Auditors responsibility in identifying internal control problems
Auditors have a responsibility to unearth any internal control problems that might be existing in any company’s accounting system. For public companies, the auditors should ensure that they completely understand each component of internal control over financial system. It is the responsibility of the auditor to identify any potential misstatements (Public Company Accounting oversight Board). The auditor should also assess those factors that may lead to material misstatements and finally design further audit procedures. The extents of procedures however depend with the size of the company.
After the auditing, the auditor has to communicate to the auditing committee and also the management in writing about any considerable weaknesses and deficiencies recognized during the auditing procedure. The communication should, however, be made before the issuance of an audit report. The report should be clear in distinguishing between significant deficiencies and weaknesses as defined by the Public Company Accounting Oversight Board.
For private companies, the audit report is communicated to the stakeholders. Stakeholders include all people with any interest in the company. They can also be an audit committee appointed by the stakeholders. The communication can be written or oral depending with the instructions of the stakeholders. The auditor should also assess those factors that may lead to material misstatements and finally design further audit procedures. The extents of procedures however depend with the size of the company.
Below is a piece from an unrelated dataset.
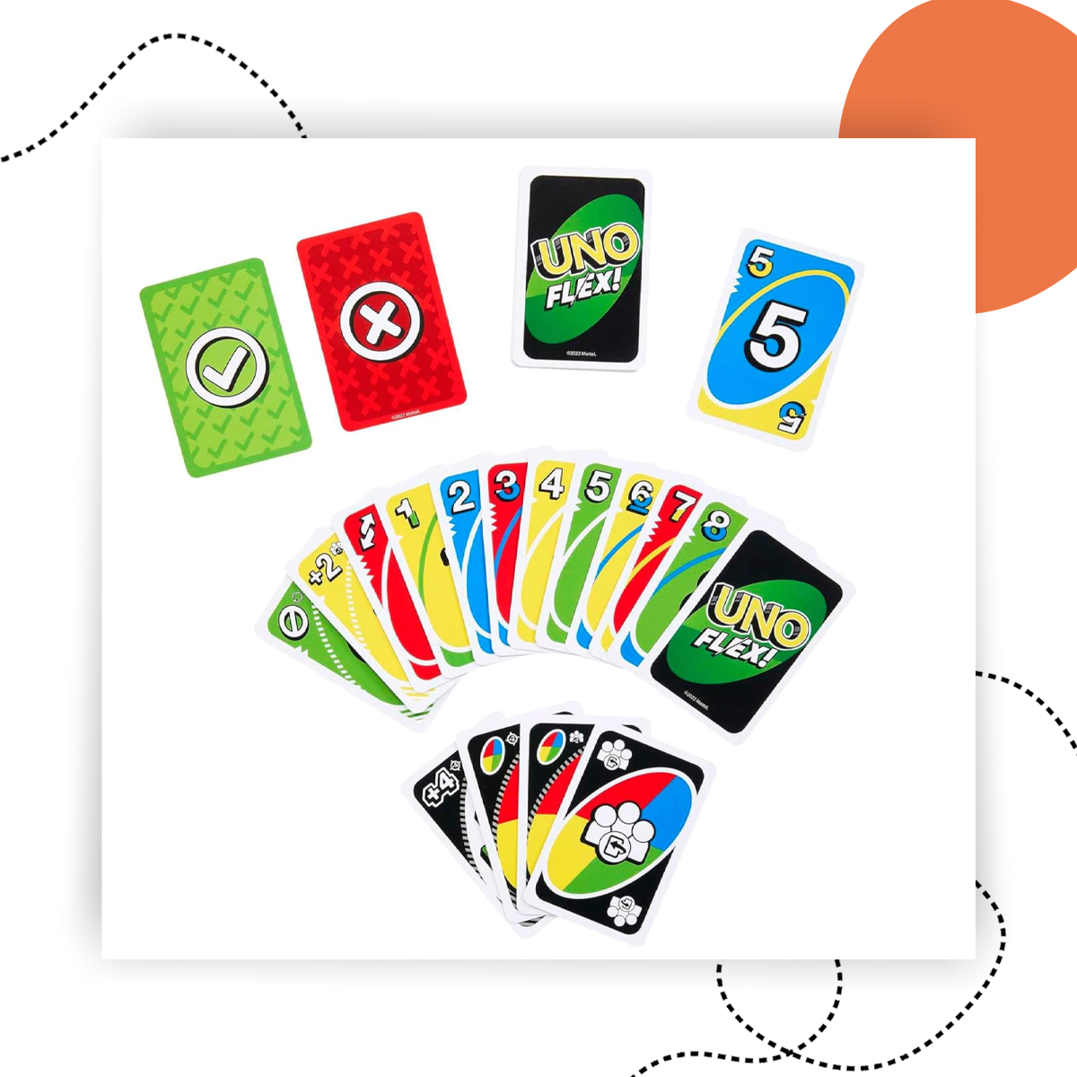 Ez az UNO Flex pakli nem csak klasszikus kártyajáték, hanem teljes kihívás: minden kör számít, és a Flex kártyák mindent felboríthatnak. A +2, Skip, Reverse és Wild lapok mellett most már a Flex kártyákkal is játszhatsz, hogy teljesen váratlan fordulatokat hozz a játékba.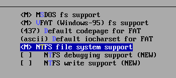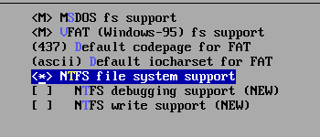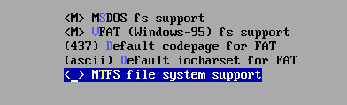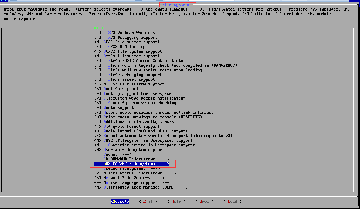 按空格键可以选中此功能,此处的M表示以模块化的方式来安装此文件驱动,这样的话在系统的 modules文件夹里面即可以查找到这个文件

I believe Foamex was at fault and the SEC was not making an example of them because the issues that led to the sanction had existed for long and different auditing firms had recommended that those issues be rectified. A good example is inventory reporting. In the 1999 audit, price Water Coopers (PWC) recommended that Foamex improves on inventory reporting. During the 2002 audit, Deloitte again recommended that the company should improve the inventory system as a whole. It was until the year 2004 that the company tried to remedy the internal control issues raised (Knapp 317).Some of these issues were identified as early as 1999 and the company should have rectified them then. I believe SEC undertook its mandate.